A lot better than the older bulb type that eat the batteries up in no time at all.


----------



## sallytrafic (Jan 17, 2006)

I won two in a motor home quiz (!) and they were so good that I bought two more at B&Q on offer - only one problem they stick on and once stuck you can't get to the batteries.

Regards frank


----------



## peejay (May 10, 2005)

Thanks for that Shane, I recently bought an osram 'dot it' from lakeland...
http://www.lakeland.co.uk/product.aspx/!21165
£6.99 for one!

As you say, great for dark cupboards. If they are the same or similar type then the only problem that I can see is that you have to remove the adhesive sticker on the reverse to get to the batteries so not sure how easy it would be to re-attach or how well it keeps its 'stickiness' after a battery change, are these the same do you know?

Anyway, at that prce they're still a great buy and i'm having some for the rest of our cupboards  .

pete


----------



## tokkalosh (May 25, 2006)

Could you attach velcro to the battery cover maybe?!


----------



## 92859 (May 1, 2005)

*LED lights*

Greetings,



> Could you attach velcro to the battery cover maybe?!

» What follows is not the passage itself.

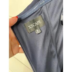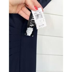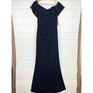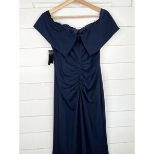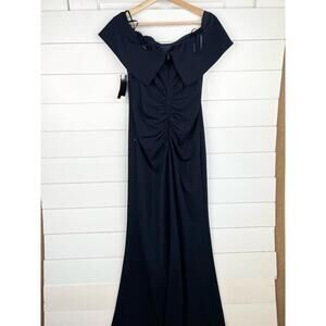 XSCAPE Navy Blue Off Shoulder Ruched Floor Length Evening Gown Dress Size 6

That's what I do on some things Trish, it eases getting them off again, I bought a big wad of velco stuff from £ shop, black one and white.


----------



## nukeadmin (Oct 10, 2003)

I have been contacted by the distributor of these and will probably have the three pack sets available for purchase at the shows that ODB / MHF Attend on the stall


----------



## tokkalosh (May 25, 2006)

Don't forget the velcro then Nuke :lol: :lol:


----------



## Don-Tucker (Sep 10, 2006)

What about these then http://cgi.ebay.co.uk/3-X-Stick-N-c...yZ109067QQssPageNameZWDVWQQrdZ1QQcmdZViewItem 
Any good ?


----------



## Snelly (Aug 20, 2005)

Don-Tucker said:


> What about these then http://cgi.ebay.co.uk/3-X-Stick-N-c...yZ109067QQssPageNameZWDVWQQrdZ1QQcmdZViewItem
> Any good ?


Even cheaper. Just buy your own batteries for those ones.


----------



## 96105 (Aug 23, 2005)

hi looked at these at homebase ideal for the cupboard etc. is the light stong enough so has to read with the passenger swivel seat turned habitation side because theres no light under the cab pass side it would ideal. so has to read "if you get my drift"
my mrs says the light is not that bright :?: than what would she know :lol: 

ray


----------



## sallytrafic (Jan 17, 2006)

Saruman said:


> hi looked at these at homebase ideal for the cupboard etc. is the light stong enough so has to read with the passenger swivel seat turned habitation side because theres no light under the cab pass side it would ideal. so has to read "if you get my drift"
> my mrs says the light is not that bright :?: than what would she know :lol:
> 
> ray


Not bright enough, unless your cab roof immediately above your head and you read with the book in front of your nose. I use a LED light there equiv to 5W and I wish I had got one a little brighter.

Regards Frank


----------



## LeoK (Apr 21, 2006)

*LED Push lights*

If these lights run on 3 AAA batteries they are likely to need about three and a half volts.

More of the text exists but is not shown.